### Your task
The copy should hold only the line containing "誠和図面工房 商工会青年部の" and the lines after it through the end of the material, each exact, with no pictures.

### Source records

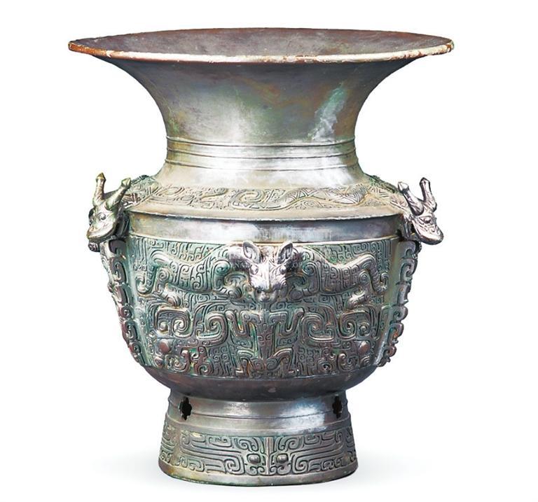中國(guó)國(guó)家博物館收藏的龍虎紋青銅尊,高50.5厘米,重26.2千克,為一件體形較高大的盛酒器。青銅尊肩部以圓雕和浮雕相結(jié)合,塑造3條生動(dòng)的蟠龍形象,龍身蜿蜒,龍首探出,額有雙角,闊吻巨口,兩眼大睜。腹部紋飾為一個(gè)虎頭兩個(gè)虎身,虎口之下有一人形,人頭銜于虎口之中。虎身下方以扉棱為界,飾兩夔龍相對(duì)組成的獸面。從主體花紋看,龍、虎、人造型莊嚴(yán)穩(wěn)重、奇特神秘,特別是龍頭和虎頭用澆鑄法從外壁突兀凸起,雄健粗獷,比起用高浮雕法更具有一種威武逼人的悍氣。龍虎尊圓形大口表示上天,肩部神龍游蕩于空中;猛虎張牙舞爪守護(hù)大地。龍虎尊的鑄造采用十八塊母范經(jīng)兩次焊接而成,渾然一體,毫無痕跡。整器工藝精湛,花紋線條洗練,是商代青銅器中的精品。
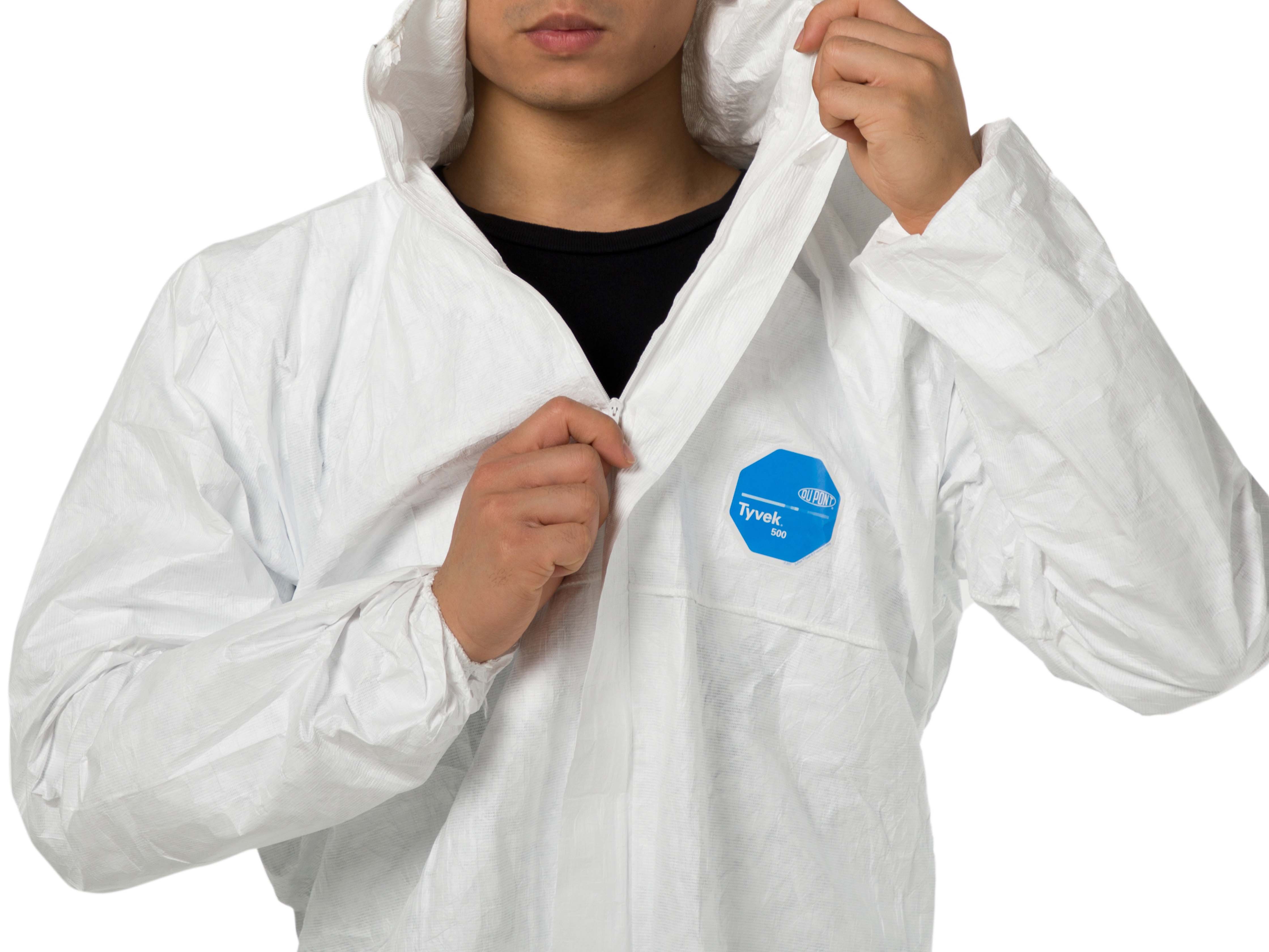 DuPont™ Tyvek® 500 Xpert/DuPont™ Tyvek® 500 Xpert (Ecopack). Hooded coverall available in white, in sizes SM to 3X (blue and green garments also available). Robust yet lightweight (<180g per garment). 3-piece hood for optimal fit to head and face when turning. Elasticated face, wrists and ankles as well as glued-in waist elastic. Ample crotch area for freedom of movement. Large, easy-to-grasp zipper puller.
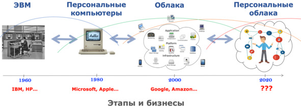 Название «Персональные облака» – идеально подходит для обозначения нового этапа в эволюции вычислительной техники. Не сложно спрогнозировать, что в информационных технологиях в ближайшем будущем будут доминировать гипер-персональные умные устройства и мультимодальные формы общения: с одной стороны, человек будет окружен разнообразными датчиками, экранами, микрофонами, гаджетами, смартфонами, а с другой – ему будут доступны неограниченные информационные ресурсы, как в локальных, так и в удаленных облаках. И вследствие этого появится новая среда, в которой виртуальные помощники, обладающие искусственным интеллектом, соединят вместе «Умный дом» и «Умное здоровье», «Профессиональных помощников» с «Персональными», и эта новая среда будет способна совершать физические действия, общаться на естественном языке и самое главное – понимать конкретного человека.
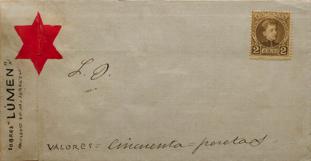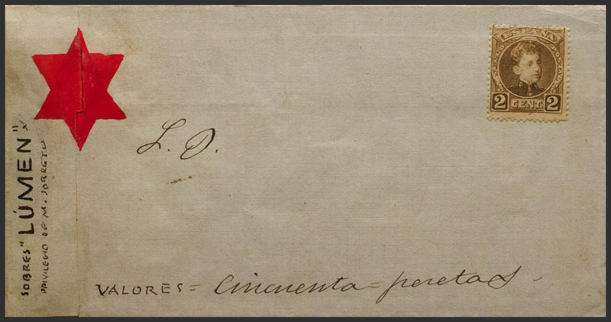 241. (1902ca). 2 cts brown attached to a handmade envelope (resembling a Postal Stationery) with a red star and handwritten annotations "Envelopes LUMEN Privilegio de M. Jurreto" and "Values fifty pesetas". MAGNIFICENT AND VERY RARE.
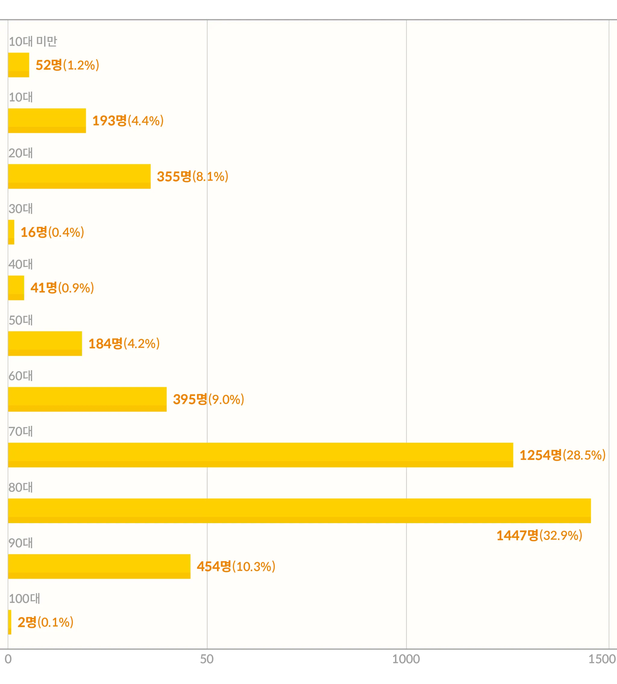 그래프를 보면, 우리 서비스가 고령자분들의 필수 생활 이동을 크게 지원하고 있음을 알 수 있어요. 80대 이상의 이용자가 무려 32.9%를 차지하며 가장 많은 부분을 이루고 있습니다. 이는 1,447명의 고령의 이용자분들께서 희망차를 통해 병원 방문, 가족과의 만남, 또는 다른 중요한 일상 활동을 위한 이동을 안전하고 편안하게 하고 계시다는 걸 보여줍니다. 70대 또한 28.6%, 즉 1,254명이 희망차를 이용하며 생활의 질을 높이고 계세요. 저희 서비스를 통해 병원이나 중요한 일상의 이동이 한결 더 수월해지셨기를 바랍니다.
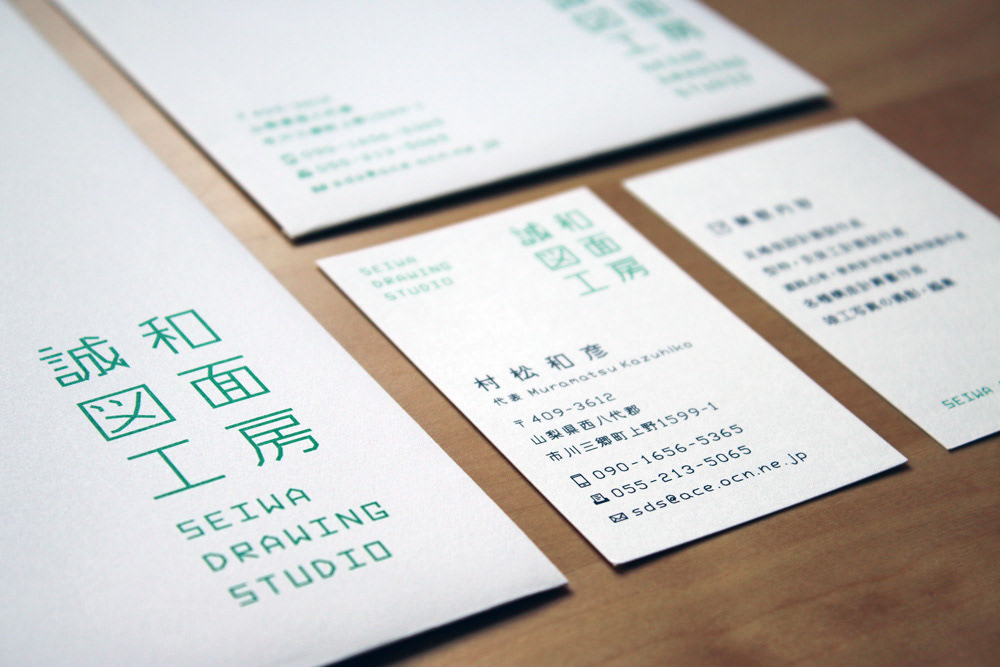 誠和図面工房 商工会青年部の同志でもある村松和彦さんが代表を務める誠和図面工房様のロゴタイプ、名刺や封筒などを作らせていただきました。
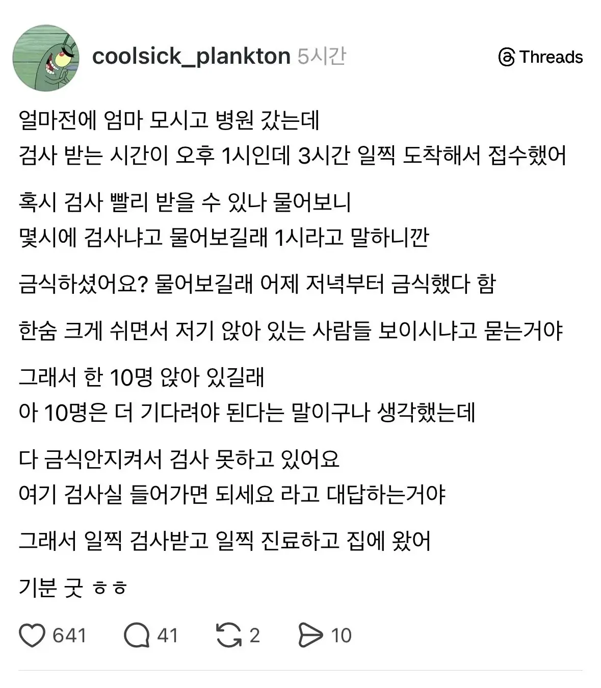 검사 빨리 받을 수 있냐는 질문에.. '저기 환자 열분 기다리는거 보이세요???'

### Response to this exercise
 誠和図面工房 商工会青年部の同志でもある村松和彦さんが代表を務める誠和図面工房様のロゴタイプ、名刺や封筒などを作らせていただきました。
 검사 빨리 받을 수 있냐는 질문에.. '저기 환자 열분 기다리는거 보이세요???'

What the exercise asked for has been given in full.